Какой, спрашивается, выбор, если разговор идет ни о чем?

Подобные эссеистические импровизации – это либо игра, либо капитуляция, либо капитуляция в виде игры; самое страшное, если импровизации и пассажи выдаются за философию. Это означает сбой в ментальной навигации: пропасть можно принять за край горизонта. Ловите потом несмышленышей над пропастью во ржи…

Мне хотелось бы внести в методологию обсуждения проблем человека нечто новое. Живое обсуждение, как мне представляется, можно вести в научном ключе, что не только не вредит живости и открытости, но, напротив, стимулирует их.

Да, книга получится не идеальной. Но книга и не может быть идеальной.

В своей книге я не отчитываюсь о том, каких целей я достиг; я пытаюсь «на глазах у читателей», здесь и сейчас, формулировать цели-идеи, которые, как мне кажется, должны волновать многих, если не всех. Степень эффективности моей попытки – это тема, которая по вполне очевидным причинам не обсуждается автором. Судить не мне, а читателям.

Мне же, повторюсь, хотелось бы написать книгу.
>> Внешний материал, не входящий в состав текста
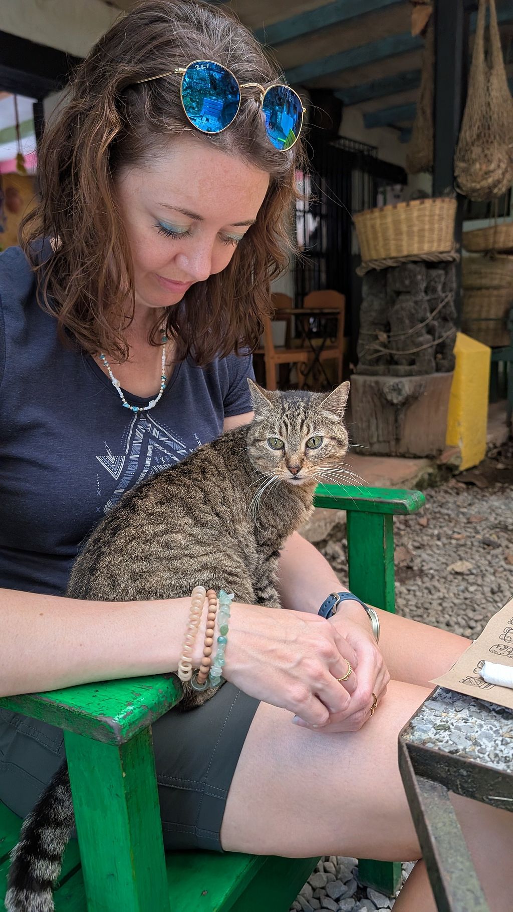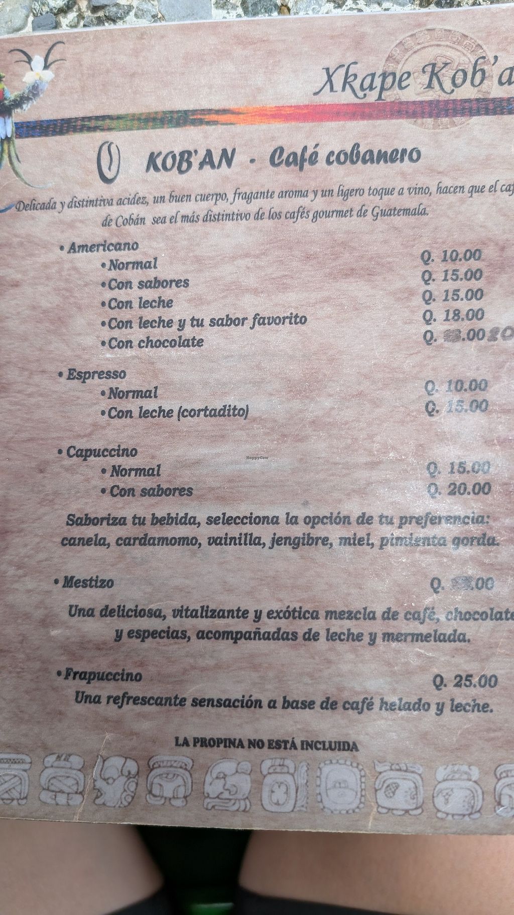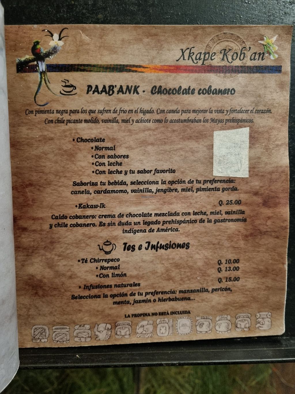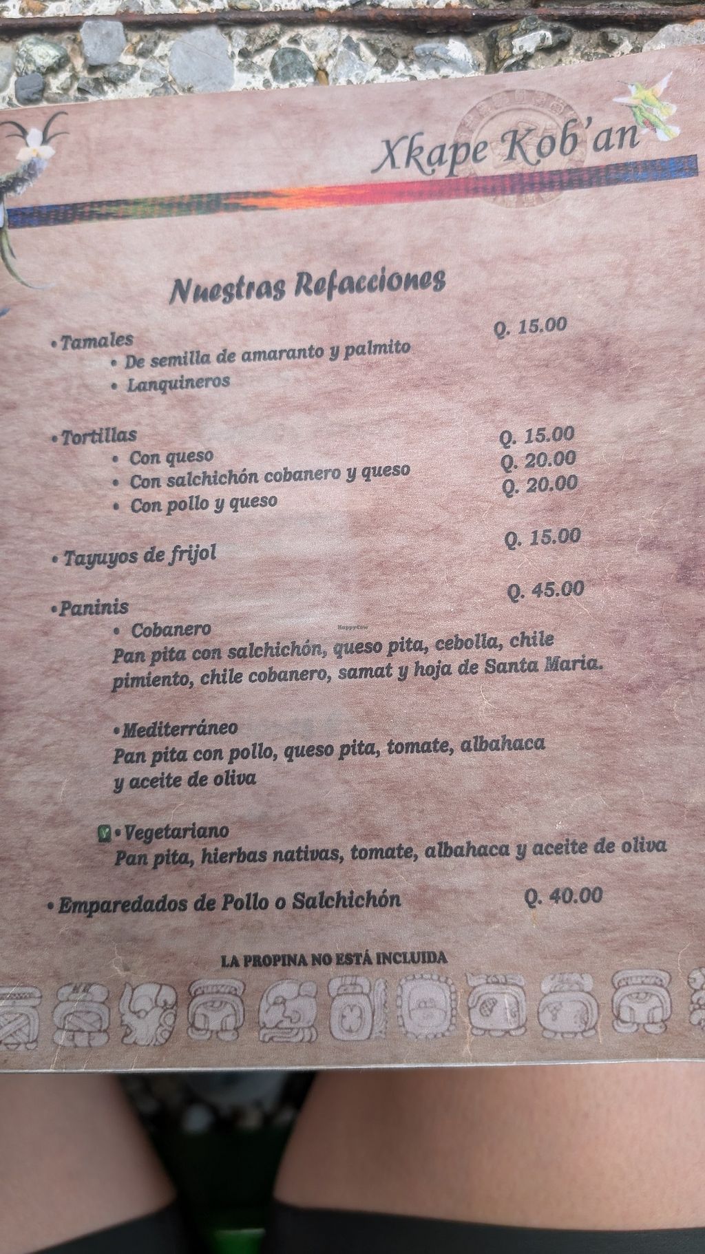 They had a few labelled vegan options. I went for the native herb plate which was some sauted greens, rice, beans and tortilla. The beans were a little lacking in flavour but otherwise the dish was really tasty and wholesome. Very good value for 50Q. Really loved the atmosphere there and very sweet cat!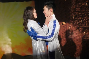 Winston and Frankie nearly kissing on stage during rehearsal.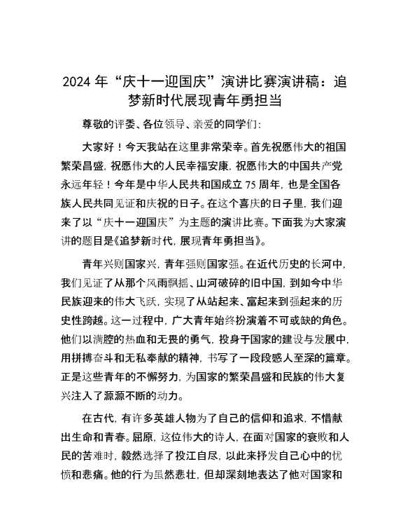 2024年“庆十一迎国庆”演讲比赛演讲稿:追梦新时代 展现青年勇担当 2024-10-15 Word模板 98 购买前,请一定要先点击这里看看,欢迎持续关注,精彩模板每天推送 预览结束,本文件为word文档,一共5页,共2122字,请购买后,下载后查看 购买前,请一定要先点击这里看看,欢迎持续关注,精彩模板每天推送 资源下载下载价格29 RMBVIP免费升级VIP点击检测网盘有效后购买有任何充值和下载问题请加微信:xuexixuexi66 0 演讲发言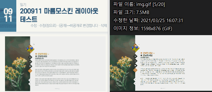 - 썸네일로 움짤을 사용하는데, 해당 스킨 코드에서 지정한 크기보다 gif의 가로 세로 폭 크기가 클 때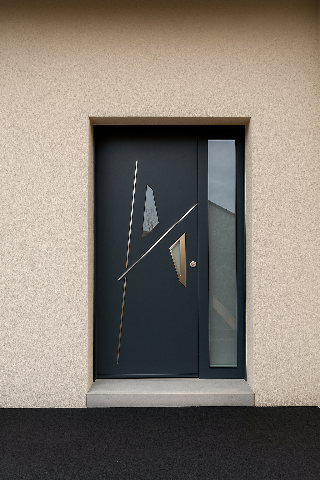 La porte d’entrée monobloc en aluminium offre un design moderne et épuré, grâce à son ouvrant conçu d’un seul tenant, tout en apportant une sécurité maximale à votre entrée. La surface extérieure lisse et les lignes verticales fines soulignent le caractère sobre et architectural de la porte.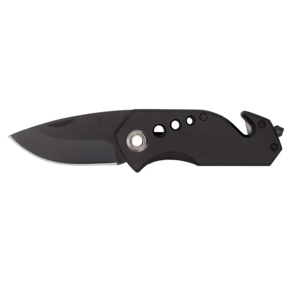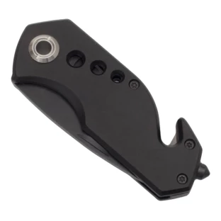 składany nóż z ostrzem o długości 58 mm, blokadą ostrza, młotkiem do rozbicia szyb, przecinakiem do samochodowych pasów bezpieczeństwa i klipem do zaczepienia. Zapakowany w czarnym poliestrowym etui.

С так называемыми гуманитарными науками (якобы особого рода науками, которые нельзя мерить «всеобщим научным аршином») не все так просто.

Я совершенно убежден, что науки гуманитарные и негуманитарные (естественные плюс математика) имеют гораздо больше общего, чем это представляется на первый взгляд. И это общее – идеи, позволяющие формировать алгоритмы.
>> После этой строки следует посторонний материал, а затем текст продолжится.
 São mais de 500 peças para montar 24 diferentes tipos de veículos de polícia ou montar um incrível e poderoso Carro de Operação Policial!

Я полагаю, что мировоззрение человека – это не туманная материя («смысловое облако»), которая в принципе не поддается управлению, а вполне себе осязаемая, конкретная и в чем-то даже прикладная информационная проблема. Мировоззрение человека – это не только мироощущение, предвосхищение смыслов; мировоззрение вырастает из «облака» и завершается системой идей.

Я пытаюсь сделать все, что в моих силах, чтобы тропинка от мышления к гуманитарным наукам (именно наукам!), а от гуманитарных ко всем остальным наукам, не зарастала. Вот и все.

«А где же корыстный мотив? Где корыстная составляющая?» – спросите вы. «Экзистенциальные мотивации – это прекрасно, спору нет; однако автору не до конца веришь, если не понимаешь, в чем его корыстный интерес. Уж очень многие прикрываются экзистенциальным и высокодуховным, белым и пушистым, „идеями“, маскируя свои вполне прагматические, приземленные интересы. Так есть корыстный мотив или нет? Где монетизация мотива?»

Мне было бы досадно, если бы меня заподозрили в отсутствии корыстных мотивов. Все-таки корысть неотделима от реальности. Я человек, и ничто человеческое мне не чуждо (банальности как-то успокаивают и отчасти настраивают на мирный лад). Думаю, это скорее хорошо, нежели плохо. Если я скажу, что корыстные мотивы непричастны к созданию этой книги, я солгу; если я скажу, что корыстные мотивы водят моим пером, подавляя все остальные, я солгу еще больше. К счастью, мне уже достаточно много лет, чтобы можно было понять, какие интересы управляют моей жизнью.